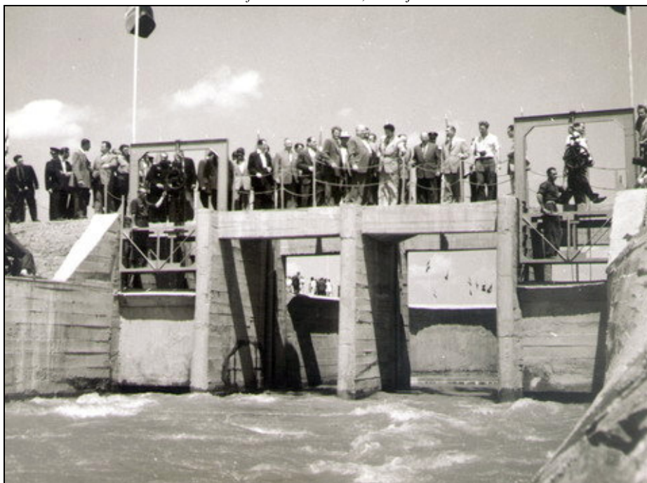
A Keleti-főcsatorna avatása, 1956. július 14.

A vízlépcső létesítményeit több mint 1000 politikai fogoly, internáltak és néhány polgári alkalmazott építette, de a korábitól eltérő formában és felfogásban. A munkálatok az Államvédelmi Hatóság szigorúan zárt szervezésében folytak. A Keleti-főcsatorna építését 1951-től 1956-ig folyamatosan végezték, kivitelezője a Vízügyi Építő Vállalat volt. A bakonszegi leeresztő zsilip 1956 júliusára készült el, s 1956. július 14-én itt ünnepelték a főcsatorna építésének befejezését. A Keleti-főcsatornát Erdei Ferenc, a minisztertanács elnökhelyettese avatta fel.
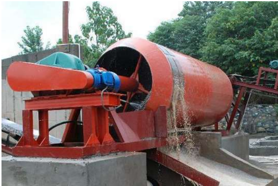
Slika 22. Stroj za pranje s bubnjem [22]

Kotači s vjedricama iz vode izvlače oprana kamena zrna čija veličina može biti i manja od 1 mm. Za razliku od strojeva za pranje s noževima, kod ovih strojeva kroz preljev s vodom izađe puno manje uporabljivih zrna. [1]
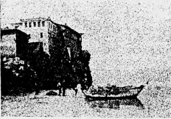
I-II Kalkandelen Tekkesi ve Tekkenin Câmii- III Ohri Gölünde bir Manastır
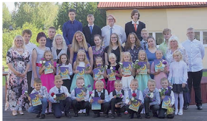
Rakke kooli 1. ja 9. klassi õpilased koos klassijuhatajatega.
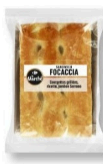
FOCACCIA COURGETTES GRILLÉES, RICOTTA ET JAMBON DE SERRANO 160g - 3,99€
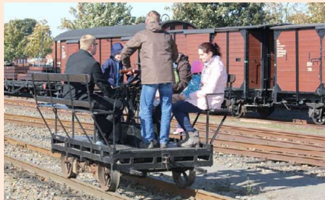
Fahrt mit der Handhebeldraisine
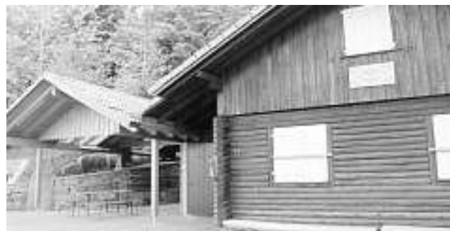
Die Rolläden auf der Otmarhütte beim Schwarzwaldverein Schapbach bleiben bis Ende Juni zu.

Der Schwarzwaldverein Schapbach hat eine neue Homepage. Sie lautet: www.schwarzwaldverein-schapbach.de
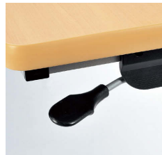
■折りたたみ操作レバー
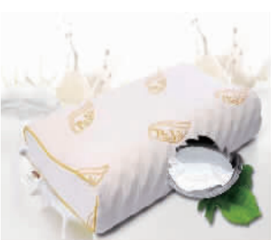
购买泰国乳胶枕,均配有可拆洗枕套(枕套如上图)

枕头是我们睡觉时最密切的伙伴,但是这个伙伴如果不妥,比如太高、太低、太硬、太软或者弹性过强,都会影响我们的睡眠质量。
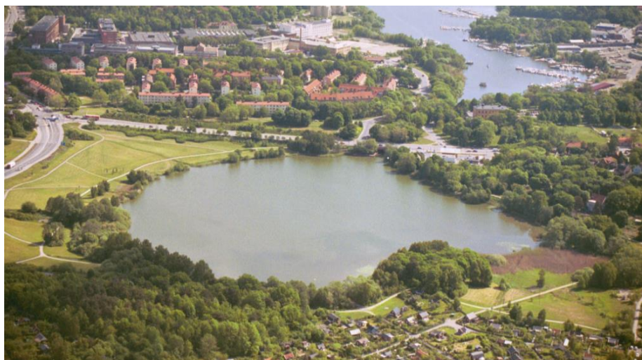
Bild 3. Flygfoto över Lillsjön där Margretelundsviken i Ulvsundasjön syns i bakgrunden.
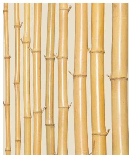
品名：19-2 (防虫品) 晒芽付竹(さらしめつきだけ)(真竹)

┄┄┄┄┄┄

- [Activity]
Reproduce exactly and only the lines from the one with "Bild 3. Flygfoto" through the last entry, both included, excluding every picture.

- [Result of the task]
Bild 3. Flygfoto över Lillsjön där Margretelundsviken i Ulvsundasjön syns i bakgrunden.
品名：19-2 (防虫品) 晒芽付竹(さらしめつきだけ)(真竹)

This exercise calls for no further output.